Task brief: Look through the listing below and work out how many of its lines hold the word "para". Give only the number.

Source material:
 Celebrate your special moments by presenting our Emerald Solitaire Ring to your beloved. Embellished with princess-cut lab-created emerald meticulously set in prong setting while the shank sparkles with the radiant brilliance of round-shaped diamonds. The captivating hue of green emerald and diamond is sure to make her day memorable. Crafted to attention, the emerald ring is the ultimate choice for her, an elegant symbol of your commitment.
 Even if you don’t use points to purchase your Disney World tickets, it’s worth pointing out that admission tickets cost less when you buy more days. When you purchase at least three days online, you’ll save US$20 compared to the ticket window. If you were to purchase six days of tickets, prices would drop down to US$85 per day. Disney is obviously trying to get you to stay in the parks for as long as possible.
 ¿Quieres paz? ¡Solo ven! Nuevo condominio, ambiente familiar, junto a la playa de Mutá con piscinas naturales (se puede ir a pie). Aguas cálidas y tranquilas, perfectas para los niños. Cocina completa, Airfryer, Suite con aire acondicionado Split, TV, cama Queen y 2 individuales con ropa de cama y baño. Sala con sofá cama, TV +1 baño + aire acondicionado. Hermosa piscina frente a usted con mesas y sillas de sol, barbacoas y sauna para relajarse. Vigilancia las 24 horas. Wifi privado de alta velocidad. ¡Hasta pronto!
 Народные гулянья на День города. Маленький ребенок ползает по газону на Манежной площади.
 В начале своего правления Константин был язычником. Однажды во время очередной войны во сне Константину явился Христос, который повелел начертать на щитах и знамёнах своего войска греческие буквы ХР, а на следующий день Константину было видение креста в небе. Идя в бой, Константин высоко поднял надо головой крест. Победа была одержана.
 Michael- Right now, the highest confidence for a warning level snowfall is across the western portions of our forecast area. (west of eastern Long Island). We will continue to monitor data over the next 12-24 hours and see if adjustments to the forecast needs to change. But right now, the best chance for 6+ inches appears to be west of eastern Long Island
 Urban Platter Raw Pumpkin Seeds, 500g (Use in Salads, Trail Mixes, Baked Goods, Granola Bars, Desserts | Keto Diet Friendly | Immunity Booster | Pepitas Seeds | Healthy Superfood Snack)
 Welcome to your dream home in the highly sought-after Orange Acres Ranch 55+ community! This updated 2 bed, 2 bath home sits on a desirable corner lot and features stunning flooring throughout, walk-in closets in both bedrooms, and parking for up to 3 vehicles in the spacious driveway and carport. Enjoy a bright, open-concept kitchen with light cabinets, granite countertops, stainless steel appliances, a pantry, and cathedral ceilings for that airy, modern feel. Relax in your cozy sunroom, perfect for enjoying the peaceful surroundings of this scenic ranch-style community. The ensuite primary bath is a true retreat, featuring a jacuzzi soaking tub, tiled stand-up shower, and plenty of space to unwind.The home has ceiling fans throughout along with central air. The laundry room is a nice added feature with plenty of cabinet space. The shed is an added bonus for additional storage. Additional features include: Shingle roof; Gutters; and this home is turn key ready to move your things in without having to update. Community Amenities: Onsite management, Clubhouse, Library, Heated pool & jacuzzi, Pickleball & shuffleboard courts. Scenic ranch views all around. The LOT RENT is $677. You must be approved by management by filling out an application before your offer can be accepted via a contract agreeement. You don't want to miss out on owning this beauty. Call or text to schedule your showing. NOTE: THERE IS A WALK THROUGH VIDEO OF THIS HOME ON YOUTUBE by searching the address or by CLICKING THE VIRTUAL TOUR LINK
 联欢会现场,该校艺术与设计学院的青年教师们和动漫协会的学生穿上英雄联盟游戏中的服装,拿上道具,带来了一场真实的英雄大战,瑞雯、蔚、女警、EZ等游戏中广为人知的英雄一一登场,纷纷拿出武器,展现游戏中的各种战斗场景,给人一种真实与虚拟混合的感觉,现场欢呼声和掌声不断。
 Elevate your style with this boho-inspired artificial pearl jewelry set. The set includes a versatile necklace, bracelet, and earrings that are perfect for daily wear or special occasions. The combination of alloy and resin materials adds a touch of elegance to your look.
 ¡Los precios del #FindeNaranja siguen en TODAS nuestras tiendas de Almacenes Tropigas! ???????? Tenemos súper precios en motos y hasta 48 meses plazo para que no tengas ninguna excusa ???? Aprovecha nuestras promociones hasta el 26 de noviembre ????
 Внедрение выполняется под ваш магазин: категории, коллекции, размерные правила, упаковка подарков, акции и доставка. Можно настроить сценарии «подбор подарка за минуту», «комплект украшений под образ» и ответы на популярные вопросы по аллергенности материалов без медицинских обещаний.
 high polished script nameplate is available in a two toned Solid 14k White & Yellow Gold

Exercise result: 2